TechnitiumSoftware / DnsServer

Technitium DNS Server
https://technitium.com/dns/
GNU General Public License v3.0
4.27k stars 418 forks source link

Zone lost after several unclean shutdowns #621

Closed micush closed 1 year ago

micush commented 1 year ago

Hi,

I'm running a test instance in a Ubuntu 22.04 KVM VM with the test zone "lan". Most of the time if I hard power off the VM the zone survives and is loaded on the next boot. However, sometimes after a hard power off or reset the zone disappears and I have to recreate it or restore it from backup. Can you investigate please? It's a bit cumbersome to have to recreate the zone sometimes after a hard power off.

Thanks and Regards,

micush

ShreyasZare commented 1 year ago

Thanks for the post. This is not an issue with the DNS server and this issue cannot be fixed with any kind of software too.

The zone are are missing since your VM's file system is getting corrupt. Someday, a critical system file will get corrupt and then your VM will stop booting.

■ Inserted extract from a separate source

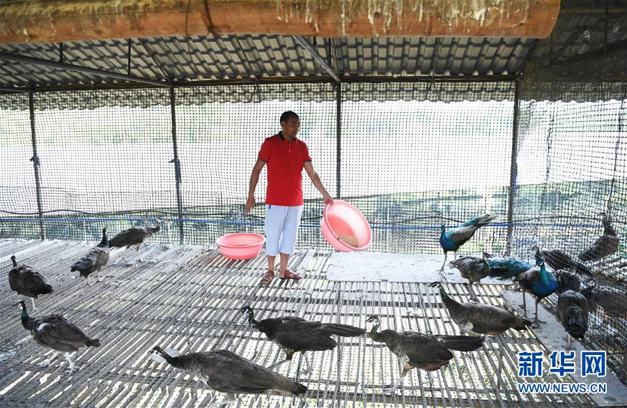 5月16日,在重慶市銅梁區(qū)永嘉鎮(zhèn)高龍村,閻仁兵在養(yǎng)殖場(chǎng)內(nèi)給藍(lán)孔雀喂食。 新華社記者 王全超 攝

So, never do hard power resets and get a UPS for your hardware too to prevent it due power fluctuations.

micush commented 1 year ago

This is not even remotely the case. I run GNS3 on my laptop (with a good battery) and this VM within GNS3. I have a few primary zones defined in TDNS. Only the specific zone "lan" is disappearing. None of the other zones disappear after a few power resets, just this one specific zone. Either way I'll figure it out. Thanks for the sage computing advice. Much appreciated.

Hemsby commented 1 year ago

Do you have any logs? Before and after the force reset?

ShreyasZare commented 1 year ago

The zones are files on the disk. If the specific "lan" zone is missing then it means that the "lan.zone" file is missing from the file system.So, it is a file system corruption issue caused due to the OS unable to flush the file system cache to disk before the hard reset.

echodreamz commented 1 year ago

So... you are hard powering off a VM and wondering why bad things are happening?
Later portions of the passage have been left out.